Right. Not something you lose sleep over, but you know it’s important to know what to do if it crops up. You think you’re doing what you need to in order to stay on top of it and keep your does healthy and your milk supply safe. Right.
I think those of us who own dairy goats or cows and supply milk for our families, and possibly customers, try to do our very best to make sure it’s safe and healthy, but that can lead to a false sense of security, too. That’s where I was until recently when, out of the blue, one of my very best does came down with a bad bug—one resistant to the usual treatment, and one that put her life in jeopardy. We still don’t know why it happened, so we’re doing what we can to get her through this and be sure it doesn’t happen to anyone else.
Be sure your does’ environment is clean. Clean bedding is paramount, and whether you choose to bed them on hay, straw, shavings, or paper pellets, dirty bedding and manure needs to be removed on a regular basis. You don’t want to know what might be growing in that, so removal of soiled bedding is a must. Don’t go by the drop-knee test—use your eyes and your nose! Take a good sniff, and if you can smell ammonia in the air in their shed, it’s already damaging your goats’ lungs and setting you up for pneumonia problems. Get the offending bedding out of there! And, of course, your milking does are snuggling their udders right down in that stuff whenever they lie down.
What about outside their shed? The doe yard needs to be regularly scraped down, too, because they lie around there. It’s amazing how much chaff (dropped hay, leaves, etc.) and nanny berries can collect in just a short time. You’ll probably want to scrape or rake down the doe yard at least once a week or more, considering how many goats you have. All that turns into a sodden mess when it rains too. Yuck!
If your goats roam around your property to browse, they may like to dig nests in the dirt. Mine have a couple spots they love, and they excavate more dirt daily. This is probably all right (good luck trying to dissuade them), but it doesn’t hurt to keep an eye on it, just in case. Mine don’t like mud, but I have friends whose goats do.
The next item of consideration is your milking routine. You aren’t only trying to keep your milk clean here, you’re doing your best to stop the transmission of disease (1) from your goats to you; (2) from you to your goats; and (3) from one goat to another. You can get “bad bugs” from your goats, such as brucellosis or TB. Fortunately, these infections are rare in the United States, but they can happen. Be sure you perform annual bio-security screens on all your goats to be sure none of these diseases are present. The laws vary from State to State, so be sure to check what your state requires.

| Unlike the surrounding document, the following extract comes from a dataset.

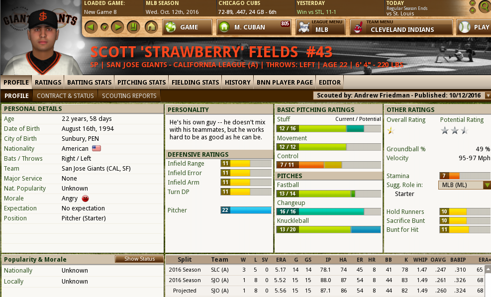 Most teams operate with scouting set to "normal" so it's difficult to gauge talent, hence the players drafter later get "rushed" and tend to lump a bit. This adds a lot more variability to the game -- it's sort of like real baseball.. I think Rusty, along with most guys, will make the majors -- albeit I don't see him playing a real "star" role. It's really difficult to gauge his talent as the Poet adjusts to being a reliever -- it wouldn't surprise me if he has two + pitches, but his third lumps, and he ends up a + bullpen arm.

You can also give infections to your goats! True, most things don’t transmit between species, but there have been instances where people have unwittingly brought infectious agents home from work on their hands or clothes, and the goats have somehow picked them up. Most notably are a few cases of pseudomonas mastitis, where the owners worked in the hospital. The only thing they could think, even though this bacterium occurs everywhere in the environment, is they might’ve somehow transmitted it to their goats. Always be sure you change your clothes and wash your hands thoroughly with hot soapy water, or use hand sanitizer, if you think this could be the case. It doesn’t hurt to use rubber or vinyl gloves when you milk, just to be sure.
Unintentionally spreading disease between goats in your herd is very possible. If one has an outbreak, whether it’s goat acne, ringworm, or something much more serious, be certain to wear gloves while handling them and milking and always milk any affected goats last. Depending on the seriousness of the infection, you may need to house infected animals separately from the regular herd. You may also need to use separate utensils for their milk and to sterilize it before its next use. Use the utmost caution!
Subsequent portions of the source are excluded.